Let's assume you didn't look closely enough and you didn't see the glowing eyes or the arm going directly into the ground. At this point you have options. Maybe you fire an arrow into the water and attempt to stir up anything that might be laying in wait for you underneath. Maybe you lean over carefully, take a mace, and gently swash around the water with it to see whether or something in there is waiting to grab you. Maybe after a couple of seconds of swashing around the water a big boney hand comes up and grabs your mace, pulling it into the water. If you fail a dexterity check maybe you can pulled in too and lose your mace. If you win maybe you pull back and break off a skeleton's arm, fist still firmly wrapped around the handle of your mace. Perhaps you struggle and begin to drowned, but your violent splashing alerts your team mates to come to your aid, but all they can see is limps flailing around violently. They have to try and pull you out because, unlike computer generated RPGs, the people trying to save you have to act as their role, which means they have no knowledge of what is attacking you, or how to hit it. It doesn't just light up with a red enemy circle when you look at it either.

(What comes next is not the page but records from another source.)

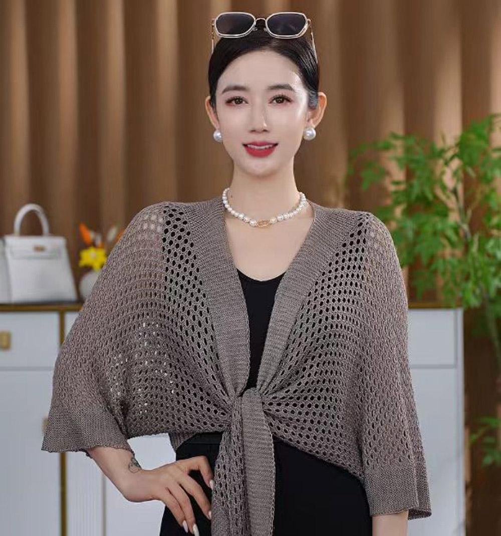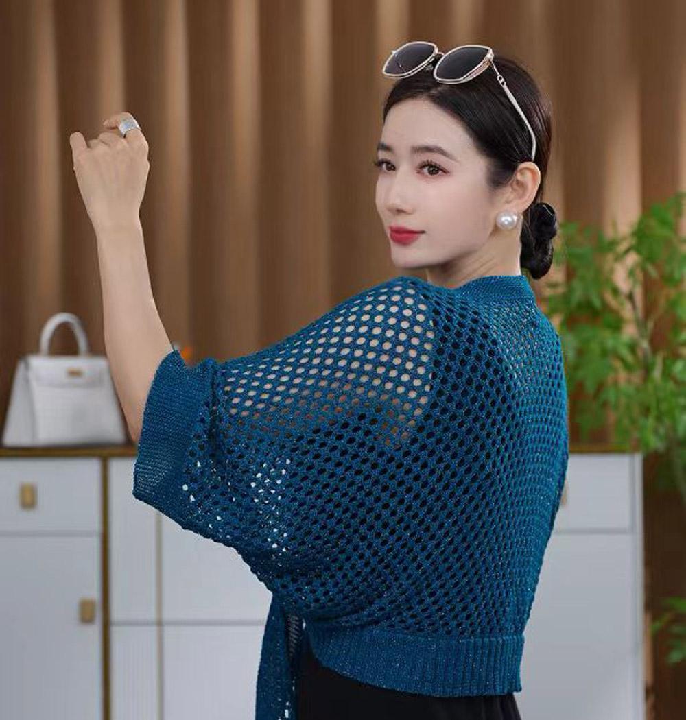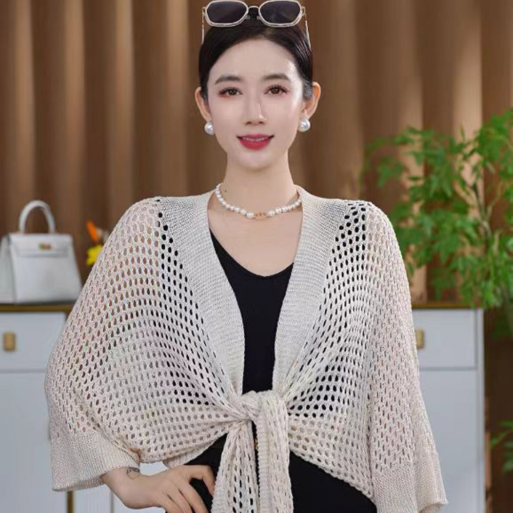 새로운 스타일 니트 패션 서양식 선스크린 에어컨 목도리 비싼 가스 실버 나비 소매 아이스 실크 할로우 목도리스토어 가기
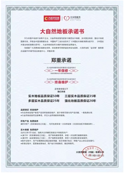 (大自然地板于2022年發布用戶保障承諾書)
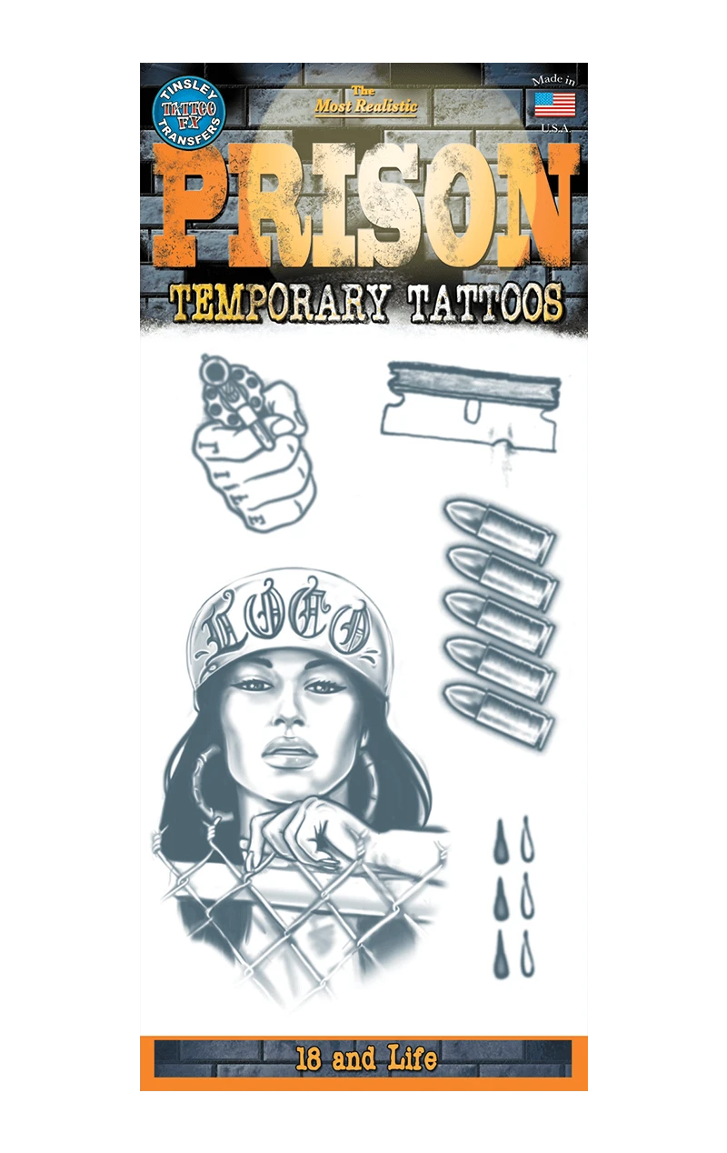 You’ll look every inch the menacing convict with these prisoner inspired tattoos, featuring skulls, clowns and guns. Easily applied with water, these are high quality, long lasting tattoos that look great worn on the arm, leg or ankles.

And don't think those are your only options either. Maybe you want to try a running leap over the water, or you don't want to take any chances so you'd rather just send a lightning bolt into the water and fry anything that might be waiting for you. Or maybe you even want to put your head *into* the water to look for treasure or take the weapon from that skeletal hand, you masochistic, twisted ******* you. Or maybe, you've had a bad experience and expect a troll to lay in wait, so you pour the oil out of one of your lamps into the water and light it on fire with a flint. The skeleton jumps up and writhes in the fire for a while, then you smash it. You're feeling pretty good about yourself until the DM reminds you that you're in a cave and the oxygen is leaving almost as fast as the smoke is coming. Good job, ace.
In D&D you have real options, not just options that the game was written to understand, like walking and hitting things, or casting fireballs onto a random spot on the ground with a set area of affect and damage rate predetermined by the rule-set without fail. D&D is about the experience of putting yourself in the role and the setting of an individual of your creation in a magical world where you can ask questions and participate in a meaningful way. That scenario I just listed above might have taken you ten seconds in a computer RPG or a Final Fantasy game. Enemies spawn, you go into combat mode, and all that matters is that you kill them and collect experience. Well the experience in D&D is the event itself, and you could easiliy blow 10 or 15 minutes searching through the water or struggling with an enemy that caught you off gaurd in something as encumbering as water. When you gain a level, you should feel like you've actually had an experience and learned something more than about how many hit points a skeleton has.
In other words: DON'T CONFUSE D&D WITH FINAL FANTASY. DON'T CONFUSE D&D WITH BULDER'S GATE, and for God's sake, don't confuse it with everquest.